§ Supplied records:
• • • • •

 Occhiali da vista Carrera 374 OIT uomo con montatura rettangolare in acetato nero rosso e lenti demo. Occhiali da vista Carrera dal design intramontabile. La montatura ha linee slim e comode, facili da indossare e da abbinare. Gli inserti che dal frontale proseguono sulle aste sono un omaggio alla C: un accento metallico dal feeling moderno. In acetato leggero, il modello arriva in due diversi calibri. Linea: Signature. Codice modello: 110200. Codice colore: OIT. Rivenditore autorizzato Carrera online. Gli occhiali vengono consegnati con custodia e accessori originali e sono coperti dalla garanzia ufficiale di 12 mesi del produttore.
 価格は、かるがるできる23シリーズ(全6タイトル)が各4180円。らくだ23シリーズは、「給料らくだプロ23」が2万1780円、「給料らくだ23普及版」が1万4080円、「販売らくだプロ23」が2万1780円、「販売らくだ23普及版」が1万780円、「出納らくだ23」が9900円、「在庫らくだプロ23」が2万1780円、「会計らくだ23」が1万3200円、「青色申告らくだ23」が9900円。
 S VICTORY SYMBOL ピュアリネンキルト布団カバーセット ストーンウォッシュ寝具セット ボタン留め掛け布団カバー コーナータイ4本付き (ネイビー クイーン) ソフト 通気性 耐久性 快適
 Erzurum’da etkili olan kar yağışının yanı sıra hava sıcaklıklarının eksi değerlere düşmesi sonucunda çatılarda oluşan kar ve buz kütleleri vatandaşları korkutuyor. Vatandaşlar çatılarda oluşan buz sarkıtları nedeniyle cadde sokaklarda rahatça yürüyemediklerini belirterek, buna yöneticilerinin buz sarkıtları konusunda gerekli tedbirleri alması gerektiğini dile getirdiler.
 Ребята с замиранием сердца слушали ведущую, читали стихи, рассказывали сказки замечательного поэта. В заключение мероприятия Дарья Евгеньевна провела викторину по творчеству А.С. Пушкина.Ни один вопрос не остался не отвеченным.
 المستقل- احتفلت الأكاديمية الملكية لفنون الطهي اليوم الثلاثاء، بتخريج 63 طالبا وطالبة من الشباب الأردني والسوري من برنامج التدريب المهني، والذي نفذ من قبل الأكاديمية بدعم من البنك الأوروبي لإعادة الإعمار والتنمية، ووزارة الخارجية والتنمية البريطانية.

• • • • •

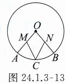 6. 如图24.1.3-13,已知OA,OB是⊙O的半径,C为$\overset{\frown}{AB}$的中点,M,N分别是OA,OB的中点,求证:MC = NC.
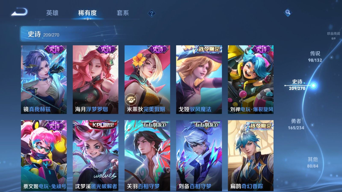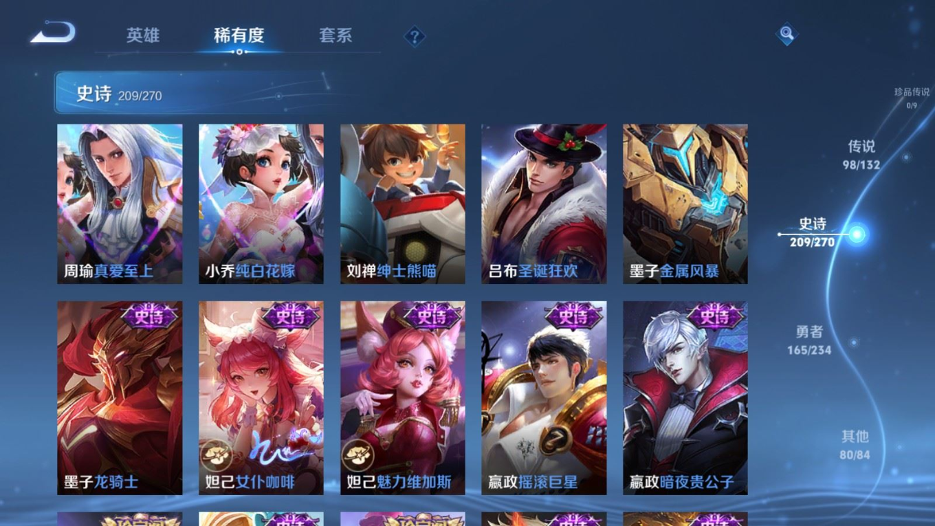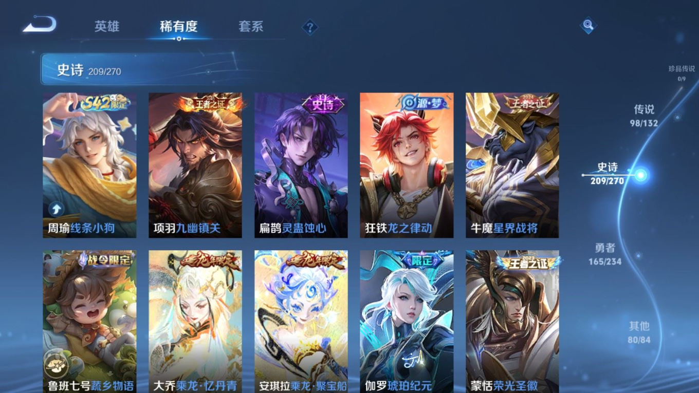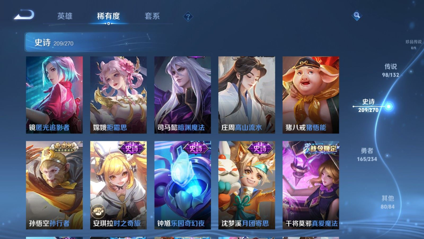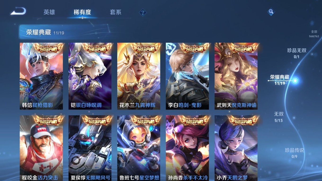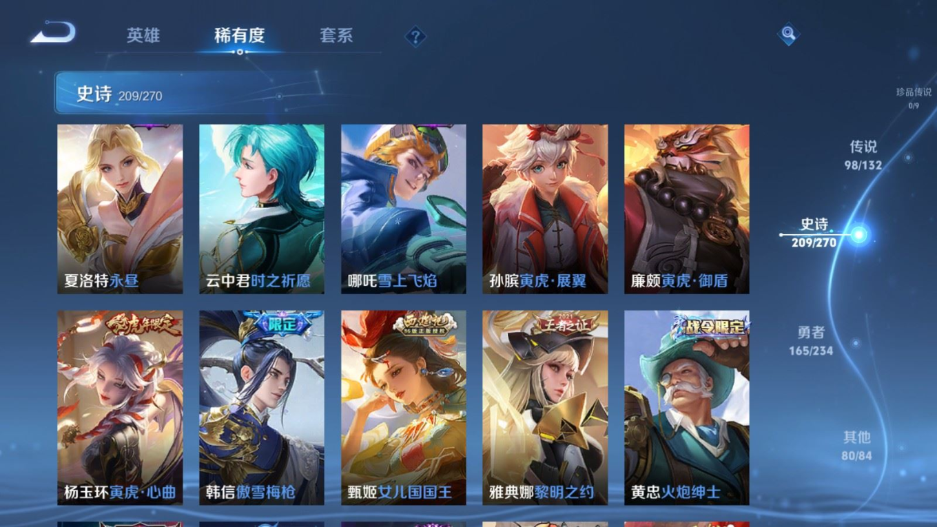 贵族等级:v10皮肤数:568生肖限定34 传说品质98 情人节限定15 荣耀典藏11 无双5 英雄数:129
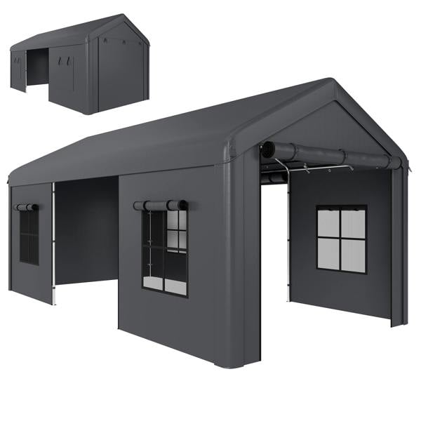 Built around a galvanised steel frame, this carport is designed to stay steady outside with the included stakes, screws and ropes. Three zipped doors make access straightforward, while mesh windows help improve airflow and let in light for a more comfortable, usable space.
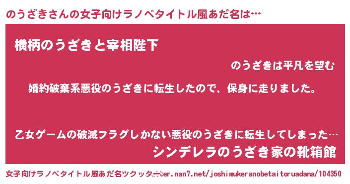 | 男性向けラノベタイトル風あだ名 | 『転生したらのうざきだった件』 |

• • • • •

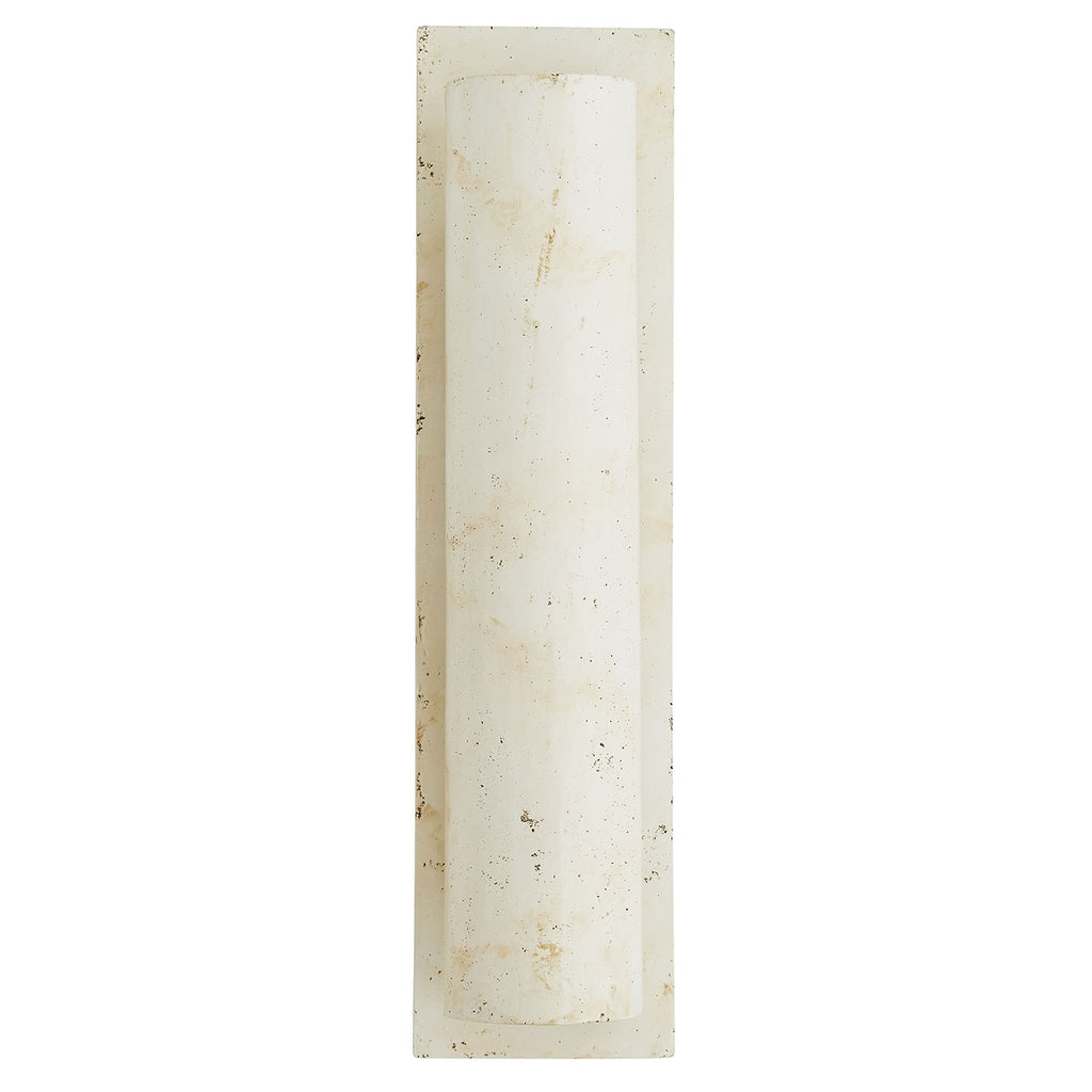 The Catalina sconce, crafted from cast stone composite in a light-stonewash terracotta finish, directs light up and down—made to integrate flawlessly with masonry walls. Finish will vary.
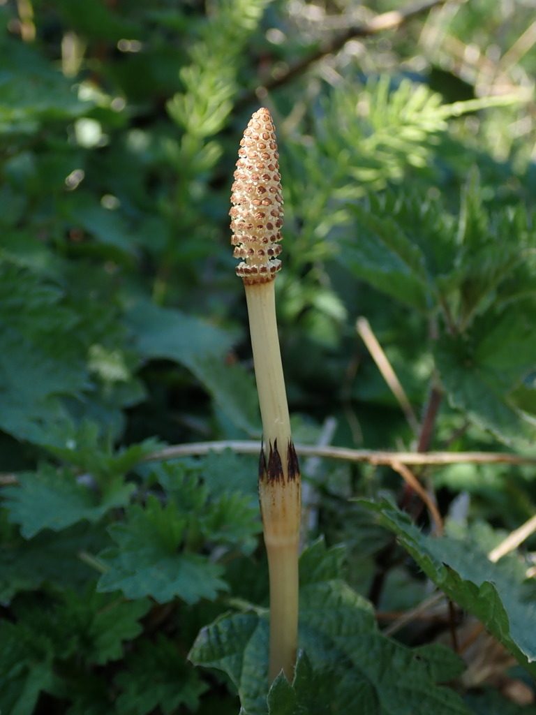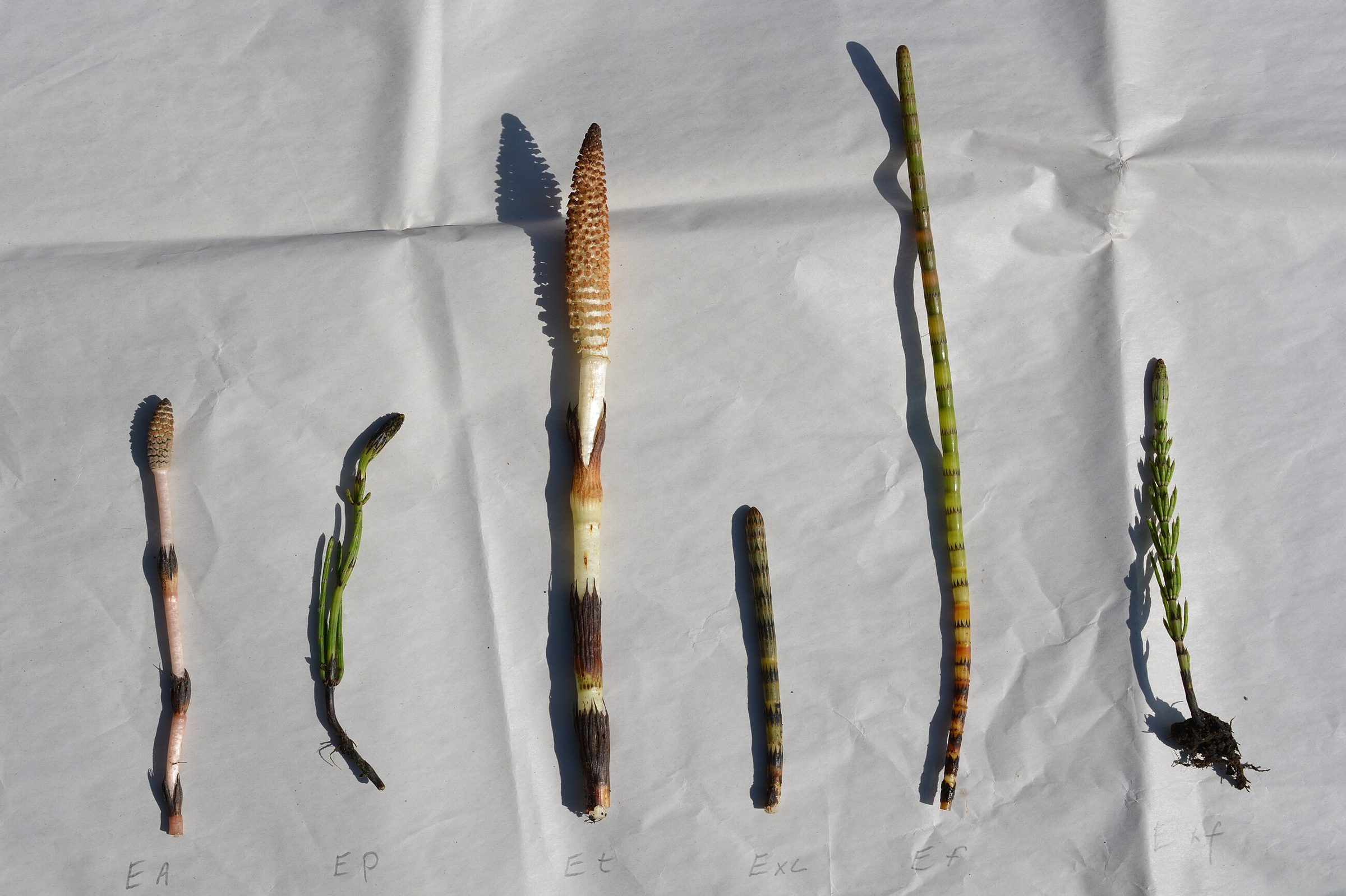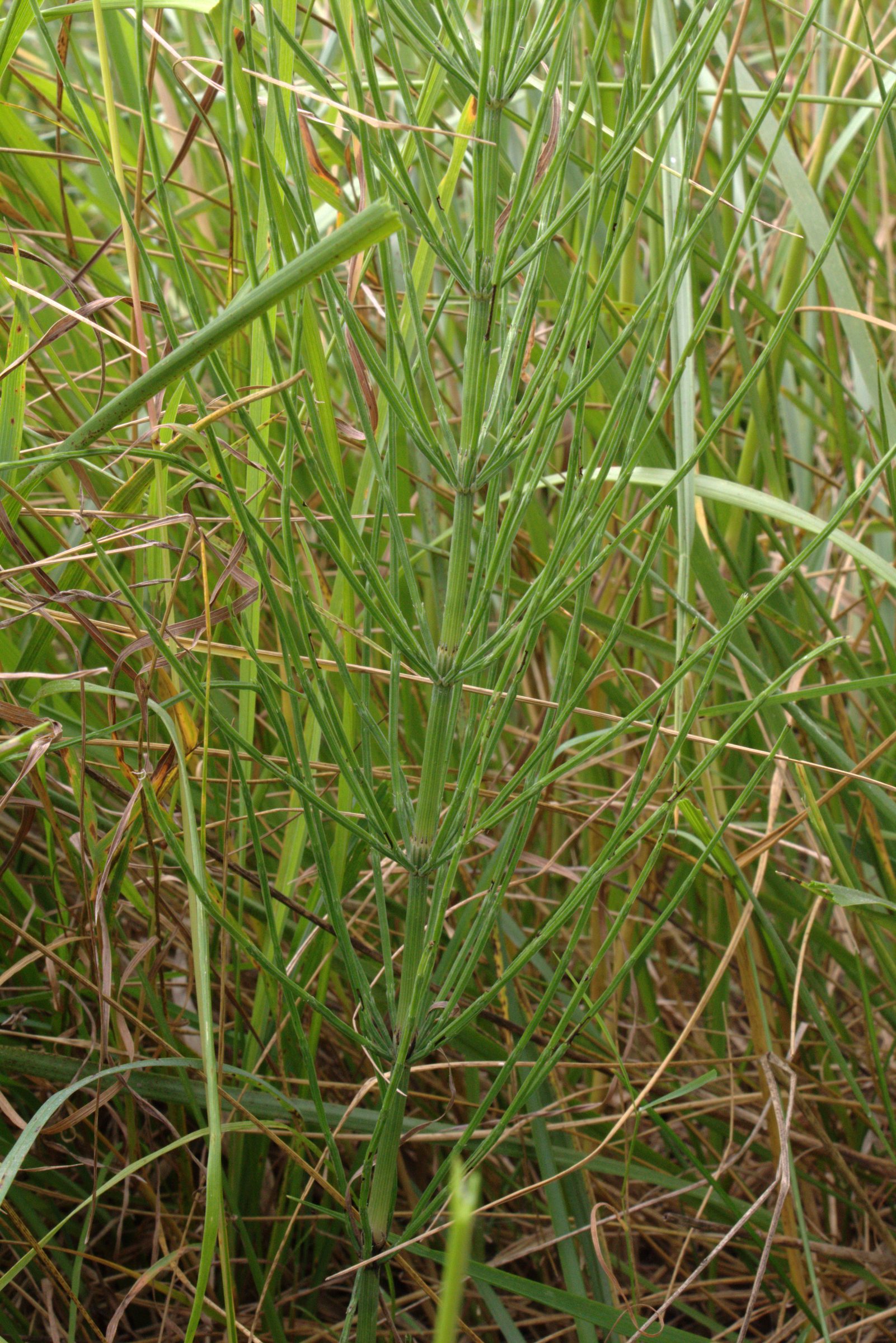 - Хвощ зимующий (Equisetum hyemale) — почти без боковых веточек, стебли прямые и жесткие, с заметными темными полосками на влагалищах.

• • • • •

Return exactly the lines of the material above, starting at the line containing "The Catalina sconce, crafted" and finishing at the line containing "- Хвощ зимующий", without any pictures.

§ Task solution:
 The Catalina sconce, crafted from cast stone composite in a light-stonewash terracotta finish, directs light up and down—made to integrate flawlessly with masonry walls. Finish will vary.
 - Хвощ зимующий (Equisetum hyemale) — почти без боковых веточек, стебли прямые и жесткие, с заметными темными полосками на влагалищах.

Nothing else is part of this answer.